Рассиропился как последний додик… И все-таки ты к ней бежишь. Питон! На рожон лезешь. Пожалеешь, ой, пожалеешь…»
У подъезда — белый «мерседес». Так… Один мордоворот за рулем, другой — на заднем сиденье. Оба курят. Кого-то ждут. Не по ее ли это душу?
— «Сбавь шаг! Медленнее. Еще. Вот так, достаточно. Запоздалый гуляка спешит к жене… Ага, с миной в кулаке. Спрячь в карман! Только не надо на них так пялиться. Тот, что за рулем, явно из ее бультерьеров. Это же он чуть не сшиб меня на лестнице.
Спокойнее, я им пока по фигу…»
Лифт томительно долго полз на двадцатый этаж. Что они с ней сделали? И сколько их там? Надо стрелять в дверной глазок на любой мужской голос. Чушь. Только при явной угрозе. А может, блокировать дверь и вызвать ПМГ?[4] Поздно. Палец уже нажал на голубую кнопку звонка. Кто-то зажег в прихожей свет. В дверном глазке загорелся желтый зрачок. Еремеев достал пистолет, сдвинул собачку предохранителя…
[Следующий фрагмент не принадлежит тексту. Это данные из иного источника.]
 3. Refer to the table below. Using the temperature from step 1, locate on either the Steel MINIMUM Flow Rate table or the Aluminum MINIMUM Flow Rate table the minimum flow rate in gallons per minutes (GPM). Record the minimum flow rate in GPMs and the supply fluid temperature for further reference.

— Кто? — спросил из-за двери испуганный женский голос.
«Она? Похоже и очень…»
— Это я. Питон.
Он скорее почувствовал, чем смог заметить, как его внимательно рассмотрели сквозь стеклянный глазок. Щелкнул замок, стальная дверь, оклеенная черным пенопленом, приоткрылась.
«Слава Богу, жива!»
Карина — как он и ожидал, в жизни она выглядела несколько старше, чем на фотографии, — испуганно, мрачно и удивленно уставилась на него.
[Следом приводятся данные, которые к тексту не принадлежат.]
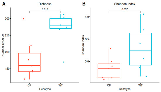Sample alpha diversity in CF and WT groups. (A) Richness measured by the observed number of OTUs. (B) Evenness measured by the Shannon index. The distributions of values were summarized by boxplots. Shown from bottom to top is the minimum value, first quartile, median, third quartile, and maximum value, and the outlier value is shown as individual points. On top of the boxplots, the individual data points were super imposed; p-values were calculated by a one-sided Wilcoxon rank sum test.

— Это я — Питон, — повторил он. — Что случилось? Что за крик?
— Проходи, — бесстрастно бросила она и не очень твердо шагнула в сторону, придерживая на груди распах черного шелкового кимоно с вьетнамским ли, китайским ли драконом. Звериным чутьем он определил, что в квартире никого больше нет. Но не вынимая руки из кармана и не снимая палец со спускового крючка, быстро заглянул в единственную комнату, прошел на кухню, осмотрел ванную, туалет и снова вернулся в комнату, срединную часть которой занимала двуспальная деревянная кровать под овальным, вделанным в спинку зеркалом. Стена против окна была зазеркалена от пола до потолка, расширяя невеликое жизненное пространство вдвое и умножая вдвое же все вещи — японский велотренажер с мини-компьютером, туалетный столик, широкоэкранный телевизор с видеоплейером… Дверь на лоджию была распахнута, и он немедленно двинулся туда, перешагнув опрокинутое плетеное кресло. Вид с двадцатого этажа на ночную майскую Москву захватывал дух. Но Еремеев сразу же глянул вниз — белый «мерс» все еще стоял у подъезда, с такой высоты он смотрелся не больше спичечного коробка.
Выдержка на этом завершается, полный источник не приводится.